CVS Health (CVS) went through such a transformative shift, most notably with its November 2018 acquisition of health insurer Aetna for an eye-popping $78 billion. CVS shares have risen about 20% since then while paying a solid 2.3% dividend. Walgreens, however, has not done anything on the scale of CVS’s Aetna deal, but Cigna’s (CI) healthcare unit, Evernorth, participated in the Village MD/Summit transaction, which may presage future, strategic deals at Walgreens.

This involves a careful blend of analytical prowess—to identify which stocks are truly undervalued and not just temporarily distressed—and the insight to understand broader market sentiments. Echoing Solon’s belief that “Learning is not wisdom; the essence of wisdom is seeing what is valuable and holding fast to it,” this strategy emphasizes the critical importance of initial stock selection. Investors are prompted to embrace wisdom and courage, exploring territories others might avoid, thereby potentially enjoying more significant gains through capital growth and substantial dividend yields.

He is a self-taught investor, analyst, and writer on dividend growth stocks and financial independence. His writings can be found on Seeking Alpha, InvestorPlace, Business Insider, Nasdaq, TalkMarkets, ValueWalk, The Money Show, Forbes, Yahoo Finance, and leading financial sites. In addition, he is part of the Portfolio Insight and Sure Dividend teams. He was recently in the top 1.0% and 100 (73 out of over 13,450) financial bloggers, as tracked by TipRanks (an independent analyst tracking site) for his articles on Seeking Alpha. Coca-Cola had a +10.6% total return, and Merck was up 49.4% compared to the (-18.1%) return of the S&P 500 Index.

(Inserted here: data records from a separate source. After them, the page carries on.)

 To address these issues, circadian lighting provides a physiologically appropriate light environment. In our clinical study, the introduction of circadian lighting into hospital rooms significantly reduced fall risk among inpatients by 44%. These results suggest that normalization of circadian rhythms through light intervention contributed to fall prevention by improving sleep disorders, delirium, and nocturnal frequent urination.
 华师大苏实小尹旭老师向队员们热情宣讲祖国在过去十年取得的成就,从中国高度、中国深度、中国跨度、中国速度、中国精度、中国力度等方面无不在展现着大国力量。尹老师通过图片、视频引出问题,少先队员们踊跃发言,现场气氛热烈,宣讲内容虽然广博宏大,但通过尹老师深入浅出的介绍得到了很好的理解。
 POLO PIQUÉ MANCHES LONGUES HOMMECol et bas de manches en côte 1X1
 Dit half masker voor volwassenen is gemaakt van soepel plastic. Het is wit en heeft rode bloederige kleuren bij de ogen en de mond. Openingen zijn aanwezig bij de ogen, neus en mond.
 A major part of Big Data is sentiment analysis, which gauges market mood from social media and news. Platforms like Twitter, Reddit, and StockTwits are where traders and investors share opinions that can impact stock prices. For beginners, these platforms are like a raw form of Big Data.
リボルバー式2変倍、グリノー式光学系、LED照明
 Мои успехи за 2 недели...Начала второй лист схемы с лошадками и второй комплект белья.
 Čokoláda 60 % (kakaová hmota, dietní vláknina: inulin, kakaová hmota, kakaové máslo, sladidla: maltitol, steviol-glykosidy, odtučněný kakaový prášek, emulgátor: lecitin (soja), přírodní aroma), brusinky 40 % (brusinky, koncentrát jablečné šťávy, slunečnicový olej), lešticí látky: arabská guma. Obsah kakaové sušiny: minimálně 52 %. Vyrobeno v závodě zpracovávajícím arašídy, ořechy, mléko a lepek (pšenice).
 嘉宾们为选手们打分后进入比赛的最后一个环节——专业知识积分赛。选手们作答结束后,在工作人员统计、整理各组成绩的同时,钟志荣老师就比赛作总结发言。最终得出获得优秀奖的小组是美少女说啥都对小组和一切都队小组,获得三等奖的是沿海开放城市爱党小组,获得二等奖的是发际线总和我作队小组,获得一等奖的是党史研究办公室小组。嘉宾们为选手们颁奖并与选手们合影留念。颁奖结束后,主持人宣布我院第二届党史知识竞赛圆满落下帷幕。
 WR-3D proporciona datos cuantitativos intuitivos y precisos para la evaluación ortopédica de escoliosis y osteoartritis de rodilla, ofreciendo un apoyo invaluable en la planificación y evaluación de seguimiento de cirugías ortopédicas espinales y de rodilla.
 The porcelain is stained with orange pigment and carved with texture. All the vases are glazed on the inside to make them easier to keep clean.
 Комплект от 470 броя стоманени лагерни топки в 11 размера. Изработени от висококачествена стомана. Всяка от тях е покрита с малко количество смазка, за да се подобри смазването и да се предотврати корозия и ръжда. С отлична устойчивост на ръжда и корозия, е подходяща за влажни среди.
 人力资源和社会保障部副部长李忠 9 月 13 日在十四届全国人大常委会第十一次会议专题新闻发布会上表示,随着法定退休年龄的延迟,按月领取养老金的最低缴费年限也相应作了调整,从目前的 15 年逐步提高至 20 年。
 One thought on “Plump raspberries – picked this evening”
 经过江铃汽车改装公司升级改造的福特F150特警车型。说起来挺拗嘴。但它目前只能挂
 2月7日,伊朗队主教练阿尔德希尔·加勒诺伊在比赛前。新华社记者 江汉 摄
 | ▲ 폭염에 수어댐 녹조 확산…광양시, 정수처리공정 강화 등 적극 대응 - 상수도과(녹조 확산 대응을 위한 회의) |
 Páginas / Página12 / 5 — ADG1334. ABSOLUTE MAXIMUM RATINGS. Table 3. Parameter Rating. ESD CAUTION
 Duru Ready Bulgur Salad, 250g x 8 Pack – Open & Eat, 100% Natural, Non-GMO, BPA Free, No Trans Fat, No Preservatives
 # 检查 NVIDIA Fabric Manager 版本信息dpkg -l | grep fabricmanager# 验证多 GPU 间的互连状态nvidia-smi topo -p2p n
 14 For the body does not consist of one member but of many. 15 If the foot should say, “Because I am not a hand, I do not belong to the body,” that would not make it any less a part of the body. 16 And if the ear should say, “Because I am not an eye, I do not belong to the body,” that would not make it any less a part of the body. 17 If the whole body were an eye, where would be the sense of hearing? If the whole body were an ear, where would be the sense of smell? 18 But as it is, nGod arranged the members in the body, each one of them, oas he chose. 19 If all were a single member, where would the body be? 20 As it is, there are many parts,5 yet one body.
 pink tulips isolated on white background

It’s a straightforward approach that doesn’t require constant monitoring or complex maneuvers. Instead, it’s a « set it and forget it » strategy that appeals to investors looking to simplify their approach while potentially reaping the benefits of dividend income and stock price appreciation. The Dogs of the Dow website states since 2000, the strategy has had an average total return of ~8.7% when dividends are reinvested. This return is compared to the average annual returns of ~7.9% for the Dow 30 during the same period. In addition, the S&P 500 Index has returned ~7.6% in the same stretch.

Other Dividend Stock Lists

Moreover, you’d consider how well the Dogs of the Dow portfolio achieves diversification. Does it provide exposure to a variety of industries and risk profiles, or is it heavily skewed toward certain types of stocks? Lastly, evaluating how effective the Dogs of the Dow strategy is at generating income through dividends is crucial. Investors following this strategy typically seek a reliable income stream, so you would assess whether the chosen stocks delivered on this front.